Я кивнула, подавляя желание сказать просторечное «Здрасьте» женщине с тростью в подобном одеянии. Мое платье и голые коленки как-то не вписывались в окружающую обстановку.
Для хромой или больной Вильгельмина двигалась резво, пока я припадала плечом к стене, ища опору в чем угодно. За день я прошла больше, чем за последние месяцы, и нуждалась в длительном отдыхе.
В приглушенном свете не одного десятка свечей здесь все еще пахло, словно на похоронной службе. Венебл сохраняла молчание все время, пока мы шли по тому месту, где ранее была гостиная. Я запомнила ее с прошлого раза, а вот узкий коридор и крутую лестницу — нет. Мне бы не повредила трость, как у нее.
— Ты, значит, с пятой станции, — произнесла она, не оборачиваясь ко мне. Я видела только то, как колышутся крупные серьги с грушевидными камнями, кажется, рубинами, в ее ушах. — Тебе повезло выжить. Учитывая, что три станции пали, и мы последний оплот цивилизации.
Я остановилась, ухватившись за выемку в стене, где стояла свеча и под пальцами ощущался старый воск. Три станции из пяти пали? Еще недавно мне говорили, что пятая станция — единственная станция, которая прекратила свое существование из-за осторожности и несоблюдения установленных требований.
Кто кого водит за нос? Доказывать что-то я не стала. Может, ей специально говорили ложную информацию. Или мне, чтобы не довести до нервного срыва. Так или иначе, лучше нам не станет.
— В течение длительного времени это место было частной школой для выдающихся юношей.
— Готорна.
Черт. Зря я это произнесла. Венебл резко обернулась и с пренебрежением взглянула на меня, а после на папку в руках. Я покачала головой, мол, ничего, неважно. Что случилось с ее учащимися?
— Теперь, — Вильгельмина вновь продолжила свой рассказ, отбивая тростью места, где следовало бы поставить запятую, если бы я записывала слово в слово. — Это надежное и прочное убежище. Хвала «Кооперативу», — кажется, это мы будем повторять всякий раз при мысли о нашем спасении вместо «Аллилуйя». — Наша жизнь, вероятно, покажется тебе однообразной, отдающей регрессом, но, увидишь, происходящее — слаженный механизм, работающий, как часы. Какой у тебя уровень?
— Уровень?
— С тех пор, как мы вернулись к естественному порядку и забыли о равноправии… существуют «Лиловые» и «Серые». К кому из них ты относишься?

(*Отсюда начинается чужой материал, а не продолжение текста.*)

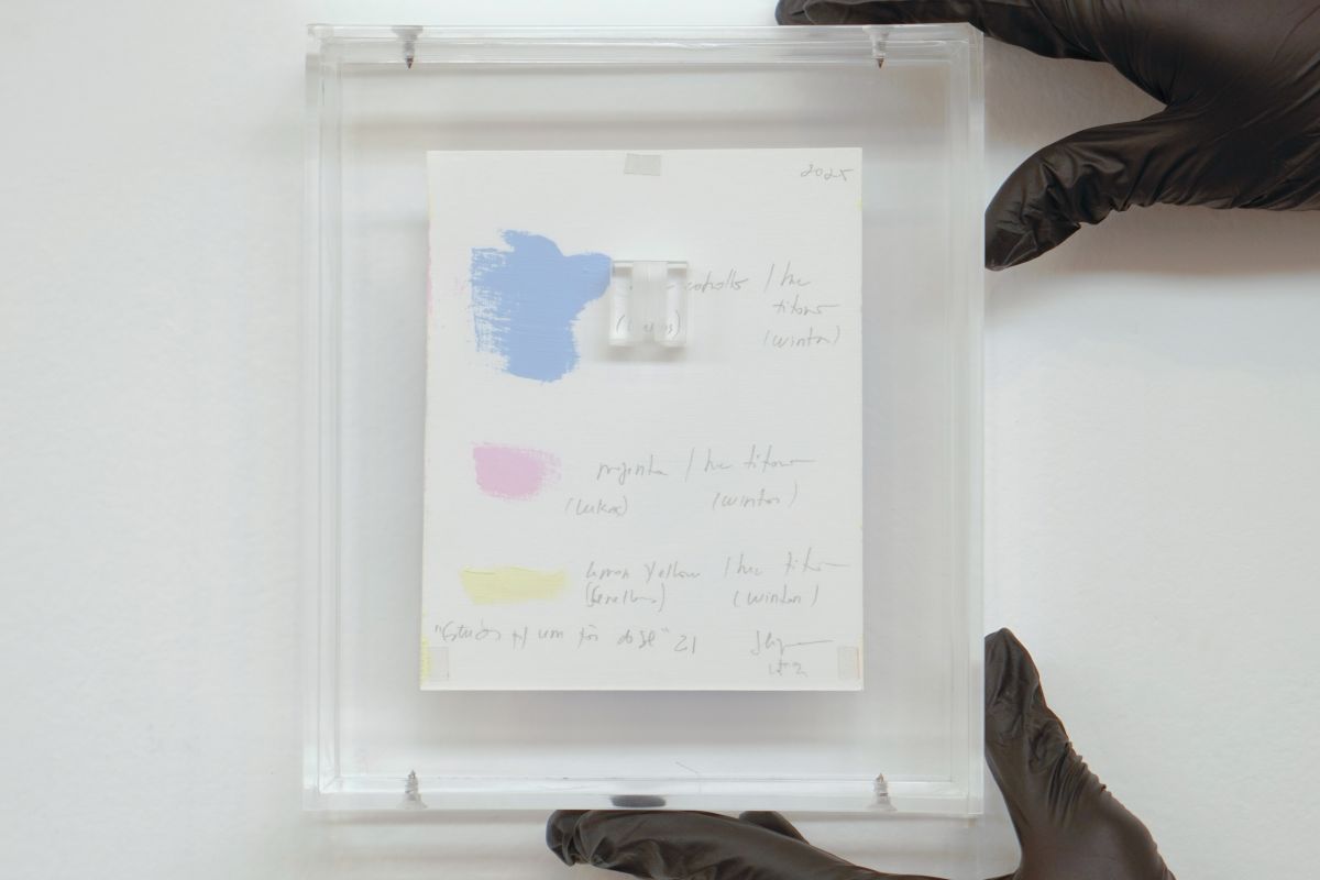 Segundo a artista, a preparação das tintas destinadas às telas de grande formato pode levar mais de um dia, dependendo da quantidade necessária. As pinceladas de cores variadas registradas no verso de cada papel correspondem às tintas efetivamente preparadas e utilizadas nesses testes.

Я замямлила и открыла папку. Там не было и слова о подобной ереси и иерархии, как и на пятой станции. Мы все были равны там. Чем кто-то из первой касты лучше тех, кто из второй? Что за поганое клеймо?
— «Лиловая». Я вижу.
— Видите?
Венебл кивнула, перехватила трость у деревянного основания, и коснулась серебряным клювом ворона с набалдашника моего запястья. Точно, браслет. Мне сказали надеть его перед отъездом. Лиловая бирка на пластмассе — единственное, что выделяло среди других.
Я заскучала по пятой станции.
— Как у «лиловой» у тебя есть право на собственную комнату. Вижу, что павшая станция не ценила свод указаний «Кооператива» и жила в беспорядке, но здесь такого нет. «Лиловые» носят лиловое, «серые» — серое. «Серые» — наши рабочие муравьи, счастливцы, вырванные из толпы, готовые на все, чтобы не проводить свое время, вкушая радости гамма-излучения и ядерной зимы на поверхности.
Я резко вспомнила о первом платье, в котором оказалась в этих стенах. Пустили ли его на тряпки? Или оно все еще валяется где-то в одном из шкафов?
— Правила просты. Ко мне обращаться исключительно как «Мисс Венебл», не покидать пределы бункера и никакого совокупления, — на последнем я усмехнулась. Последний раз такое слово мне приходилось слышать, наверное, на уроке биологии в средней школе. — Это кажется смешным, мисс?
Я отрицательно покачала головой. Желание присесть на чей-то член — последнее в моем списке. Мне хотелось есть человеческую пищу, принимать душ по несколько часов, пить, пока не стошнит, ступить босыми ступнями на разгоряченный песок, умереть от переизбытка эмоций в Новом Орлеане… получить все то, чего у меня никогда больше не будет.
— Коктейли в музыкальной комнате в шесть тридцать.
Она забрала у меня из рук папку и оставила подсвечник в моем распоряжении. Комната казалась знакомой до боли. Теперь недостаточно захотеть, чтобы огонь вспыхнул и зажег фитиль каждой свечи. Это приходилось делать при помощи каминных спичек, принесенных кем-то заранее.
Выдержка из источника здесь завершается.